Tiersen rose to fame upon the release of his third studio album, Le Phare (The Lighthouse) in 1998. The album was recorded during two months in self-imposed seclusion on an island at the most north-western point of territorial France. At night he would watch the Phare du Creach, one of the most powerful lighthouses in the world, and was fascinated by the stunning scenery repeated every night.

 Three songs from this album, including “La Noyée” (The Drowned Girl) were later featured on the 2001 soundtrack of the 2001 French romantic comedy Amélie.

Neukom:

When Jason and I were young boys, our mother told us a fantastical story that, by her accounts, was true. Set in Mexico, a young girl heard a noise in the alleyway. She looked over her balcony to investigate, and she fell over the railing. As she was holding on with one hand, body dangling, she felt a spirit push her up over the balcony. She, of course, was the girl in the story. El Balcón (“The Balcony”) is a musical depiction of this tale. The quartet is used as four “guitars,” as a vocal quartet, and ultimately as a string quartet in the formal sense. This emotional journey has one foot in classical sensibility and the other in a cinematic sound world. —Sean Neukom

Lyrics:
Cuando era joven
Ella me contó una historia
tiene fantasmas
sucedió en México
asi

es un sueño
fue real no?
a ella

sentada en su cama
un ruido e afuera
puertas balcón abiertas
mirando hacia la calle
asi

despues cayo
despues cayo
despues magia
espíritu

I remember when she told me
her eyes they glowed with joy
she believed every word
and cried
holding on with one hand
then
she felt an angel’s presence there
floating up she let go
she let go

Bach:

Of the six or so major works Bach composed in his last ten years (including The Well-Tempered Clavier, Goldberg Variations, Mass in B minor, etc.) one could make the case that The Art of Fugue really is the hardest to swallow out of these famous pieces. Fourteen fugues, four canons, all in the same key, all based on the same melodic material, all in a row . . . would that not be a bit much for an unsuspecting concertgoers?
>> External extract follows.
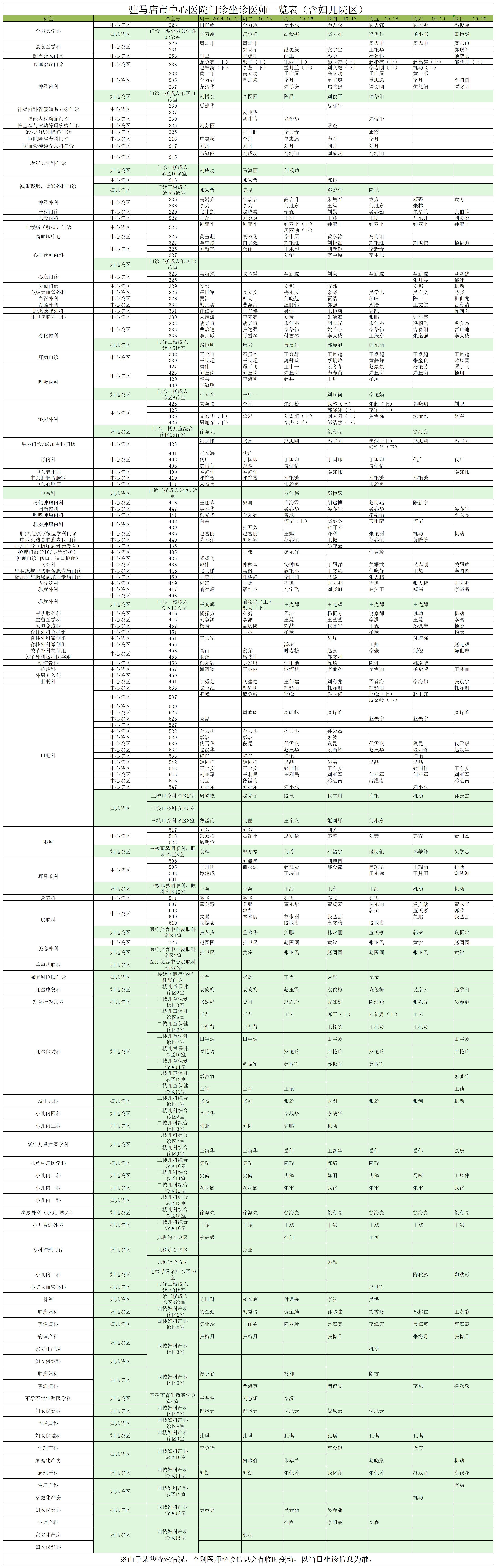 駐馬店市中心醫(yī)院門診坐診信息一覽表(含婦兒院區(qū))

But The Art of Fugue isn’t like other works. It’s lifetime music. I’ve been getting to know it little by little, year after year, and it’s always still around when I’m ready to learn a little more. It doesn’t suffer when we experience it in short bursts; in fact my colleagues and I find performing just a few of the fugues as a set to be very attractive. You’ll be hearing one of those sets today.

There’s lots of brainy, technical genius packed into The Art of Fugue that the professional (and the curious) can find. But despite the intellectual rigor (and all the alarming sameness mentioned above), each fugue is alive with its own mood, character, and personality–more than enough for the concert stage!

There’s another reason we’re tackling these pieces. Fugue is a type of music wherein each musical line is equally independent and interesting on its own, yet all the parts must work together to weave the whole sound. Should you find such a balance between four independent individuals, you just might have yourself a string quartet. Happy listening!